<<<<
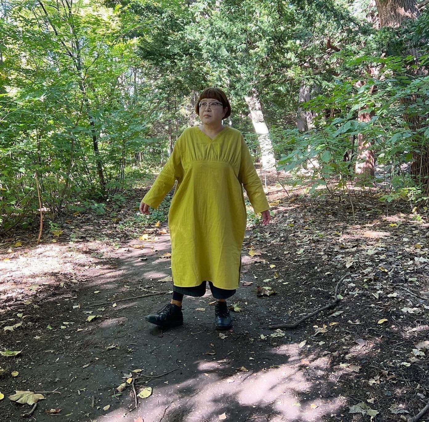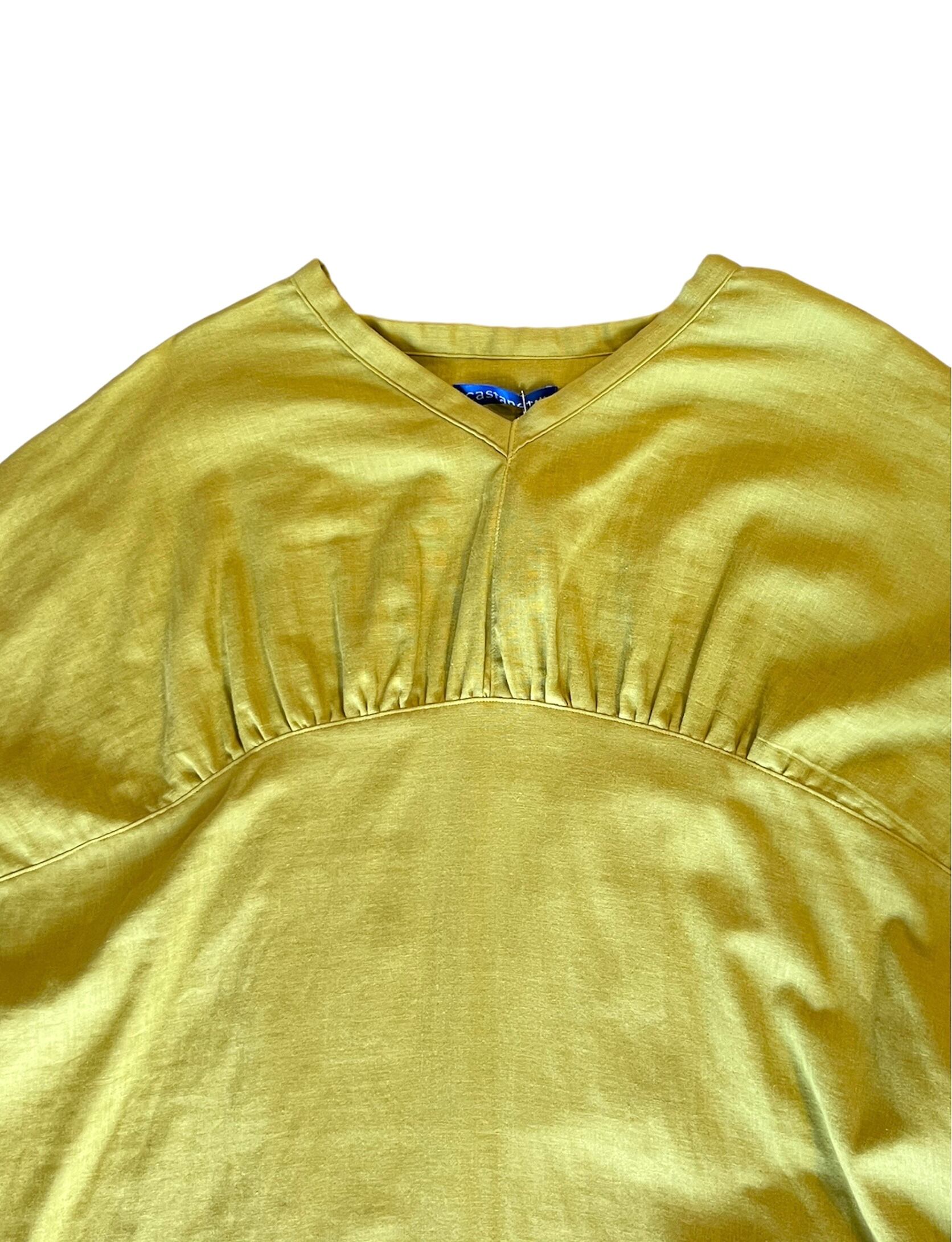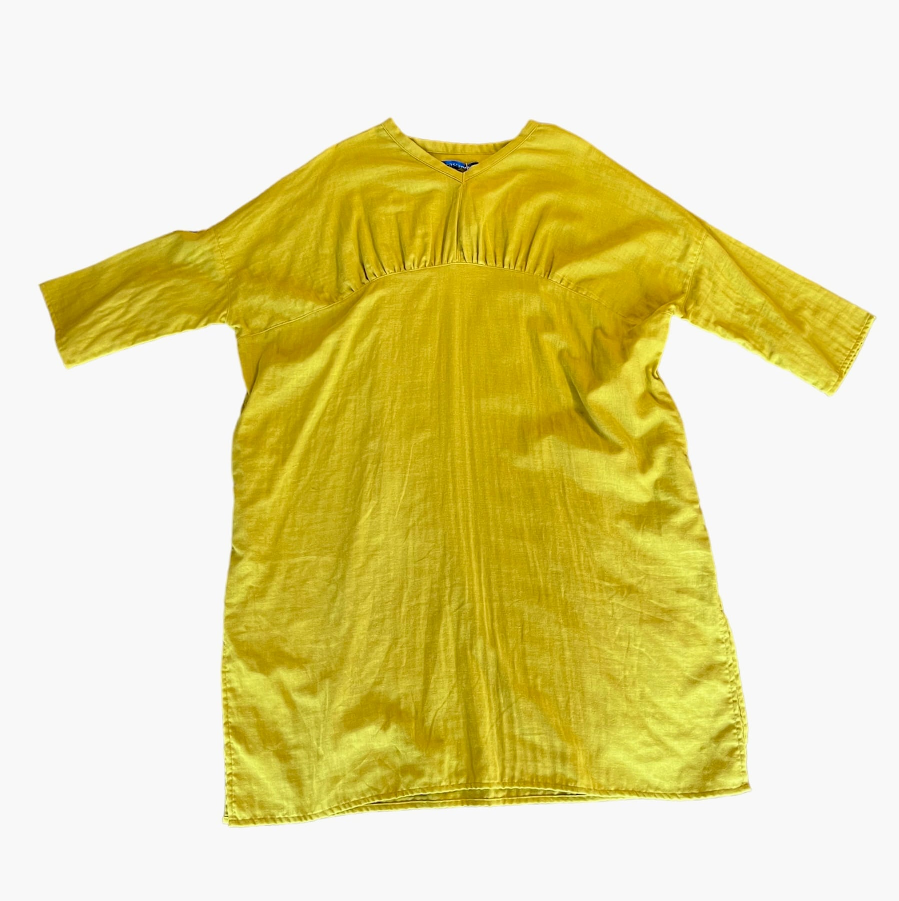 ガーゼ『Vネックギャザーワンピース長袖』マスタード
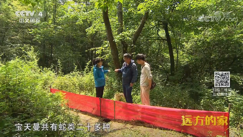 梁子安教授在宝天曼给央视记者介绍偶遇的刘氏链蛇
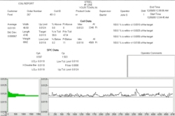 thickness, deviation, upper and lower tolerance limits, shutter status,
>>>>
▸ What to work on
Leaving every picture out, output the data exactly as it stands.

▸ Answer space
 ガーゼ『Vネックギャザーワンピース長袖』マスタード
 梁子安教授在宝天曼给央视记者介绍偶遇的刘氏链蛇
 thickness, deviation, upper and lower tolerance limits, shutter status,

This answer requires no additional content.